Uncredited personnel
- Diana Letova – vocals on "Eto bylo v gorode ChK" and "Epilog"

== Release history ==

Official
| Country | Date | Format | Label | Catalog |
| Russia | 2001 | MC | Caravan | CAR 104 |
| 2001 (compact disc – August 22, cassette – unknown) | CD (jewel box); MC; | HOR | HCD-039a; hmc-039; |
| April 22, 2013 | CD (digipak) | Wyrgorod | ВЫРГОРОД 103 |

== Trivia ==
- According to Oleg "Manager" Sudakov, the album Leniniana is one of the most successful creations of Kommunizm:

— Kommunizm: between shocking and epitaph

- Despite the declared month of creation in Manager's blog, the album information on the back cover indicates September—and so in all official releases of various labels.
- Most of the bonus tracks are taken from the album Chudo-muzyka, these are: "Lenin ne umer", "Parichok", "Slova i zhesty", "Nado brat dvorets", "Lenin umer". The rest are taken from:
  - Rodina slyshit – "Chto takoe Sovetskaya vlast";
  - Narodovedenie – "Vysshee dostizhenie";
  - Igra v samoletiki pod krovatyu – "Poymayu malenkogo sam", "Kusok otrezal", "Razvlecheniya Ilicha v ssylke";
  - Kontsert – "I vnov prodolzhaetsya boy".
- "Revolyutsiya svershilas" is the previously unpublished third version of the track (the original is in the album Rodina slyshit).
- The fragment/composition "Gimn", with which the whole Leniniana begins, is actually a reversed anthem of the Tajik SSR, moreover, a post-Stalin version (in the album version, only the third verse sounds with sound distortion of the "beginning").
- Words from "Lenin vidit devochku", "Otdykh Lenina", and "Son Lenina" are found in the children's book Stories about Lenin (Malysh publishing house, 1986) by the author Sergey Alekseev (in the tale "One, Two, Three").

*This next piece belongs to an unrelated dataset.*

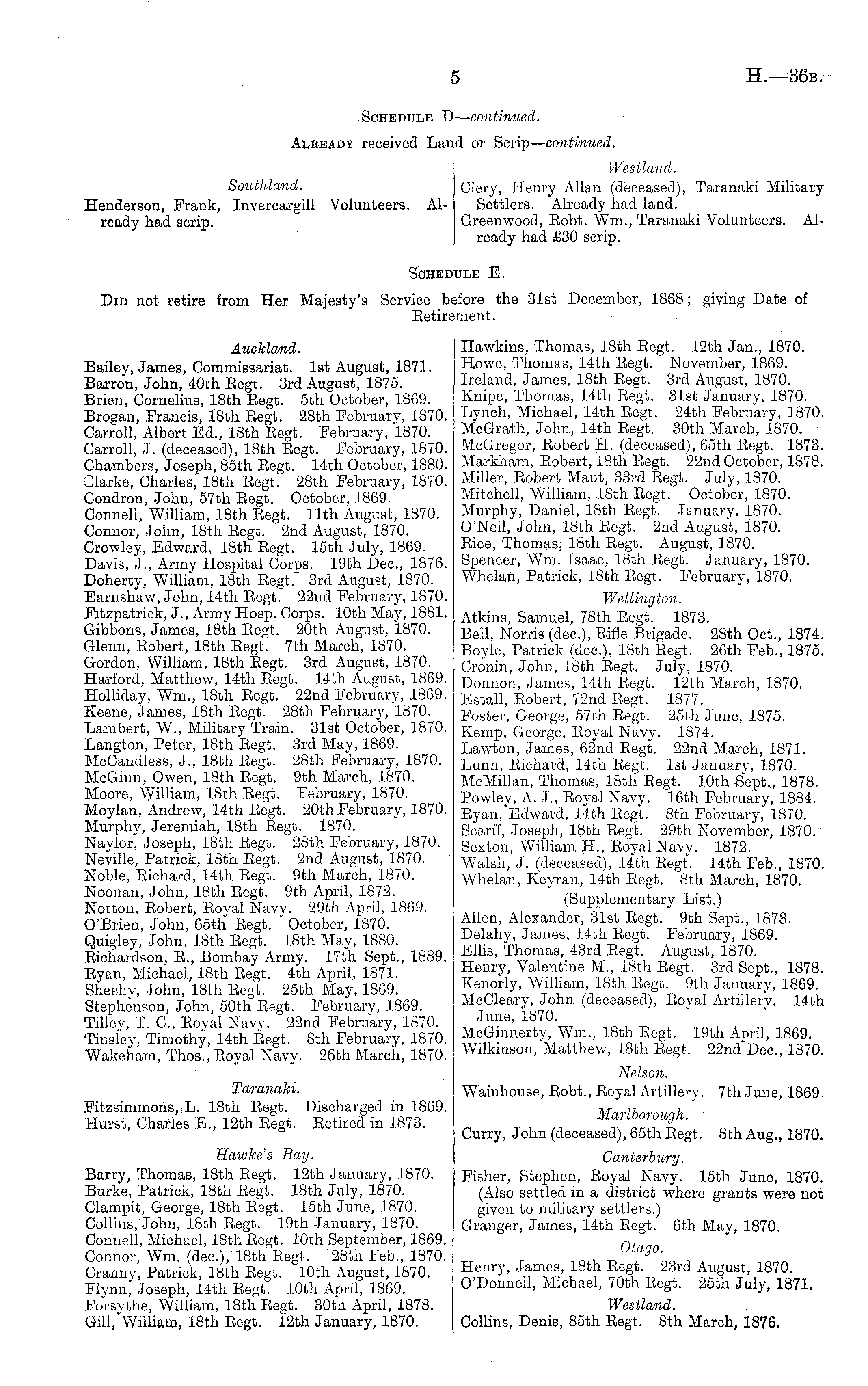 Hawkins, Thomas, 18th Begt. 12th Jan., 1870. Howe, Thomas, 14th Eegt. November, 1869. Ireland, James, 18th Eegt. 3rd August, 1870. Knipe, Thomas, 14th Begt. 31st January, 1870. Lynch, Michael, 14th Eegt. 24th February, 1870. M"cGrath, John, 14th Eegt. 30th March, 1870. McGregor, Eobert H. (deceased), 65th Eegt. 1873. Markham, Eobert, 18th Eegt. '22nd October, 1878. Miller, Eobert Maut, 33rd Eegt. July, 1870. Mitchell, William, 18th Eegt. October, 1870. Murphy, Daniel, 18th Eegt. January, 1870. O'Neil, John, 18th Eegt. 2nd August, 1870. Eice, Thomas, 18th Eegt. August, 1870. Spencer, Wm. Isaac, 18th Begt. January, 1870. Whelaii, Patrick, 18th Begt. February, 1870. Wellington. Atkins, Samuel, 78th Eegt. 1873. Bell, Norris (dec), Bifle Brigade. 28th Oct., 1874. Boyle, Patrick (dec), 18th Begt. 26th Feb., 1875. Cronin, John, 18th Begt. July, 1870. Donnon, James, 14th Begt. 12th March, 1870. Estall, Eobert, 72nd Eegt. 1877. Foster, George, 57th Eegt. 25th June, 1875. Kemp, George, Eoyal Navy. 1874. Lawton, James, 62nd Eegt. 22nd March, 1871. Lunn, Eichard, 14th Eegt. Ist January, 1870. McMillan, Thomas, 18th Eegt. 10th Sept., 1878. Powley, A. J., Eoyal Navy. 16th February, 1884. Eyan,"Edward, 14th Eegt. Bth February, 1870. Scarff, Joseph, 18th Eegt. 29th November, 1870. Sexton, William H., Eoyal Navy. 1872. Walsh, J. (deceased), 14th Eegt. 14th Feb., 1870. W'helan, Keyran, 14th Eegt. Bth March, 1870. (Supplementary List.) Allen, Alexander, 31st Eegt. 9th Sept., 1873. Delahy, James, 14th Eegt. February, 1869. Ellis, Thomas, 43rd Begt. August, 1870. Henry, Valentine M., 18th Begt. 3rd Sept., 1878. Kenorly, William, 18th Begt. 9th January, 1869. McCleary, John (deceased), Eoval Artillery. 14th June, 1870. McGinnerty, Wm., 18th Begt. 19th April, 1869. Wilkinson, Matthew, 18th Eegt. 22nd Dec, 1870. Nelson. Wainhouse, Bobt., Boyal Artillery. 7th June, 1869, Marlborough. Curry, John (deceased), 65th Eegt. Bth Aug., 1870. Canterbury. Fisher, Stephen, Boyal Navy. 15th June, 1870. (Also settled in a district where grants were not given to military settlers.) Granger, James, 14th Eegt. 6th May, 1870. Otago. Henry, James, 18th Eegt. 23rd August, 1870. O'Donnell, Michael, 70th Eegt. 25th July, 1871. Westland. Collins, Denis, 85th Eegt. Bth March, 1876.

One way or another, they have nothing to do with the film and/or the Lenin in October LP, except for the narrator Vladimir Gertsik.
- While developing the computer game S.T.A.L.K.E.R.: Shadow of Chernobyl by GSC Game World, the album was one of the sources of inspiration for creating the atmosphere of the abandoned Soviet legacy in the Chernobyl Exclusion Zone. Some fragments from the track "Leniniana"—as well as from other albums of Kommunizm—were present in the build version of the game, and, as planned by the developers, were supposed to sound in the in-game Bar 100 Rads. However, for a number of reasons, they were cut from the release version of the game. Subsequently, the files saved in the archives of the game were restored with the help of fan modifications that returned the content cut from the game.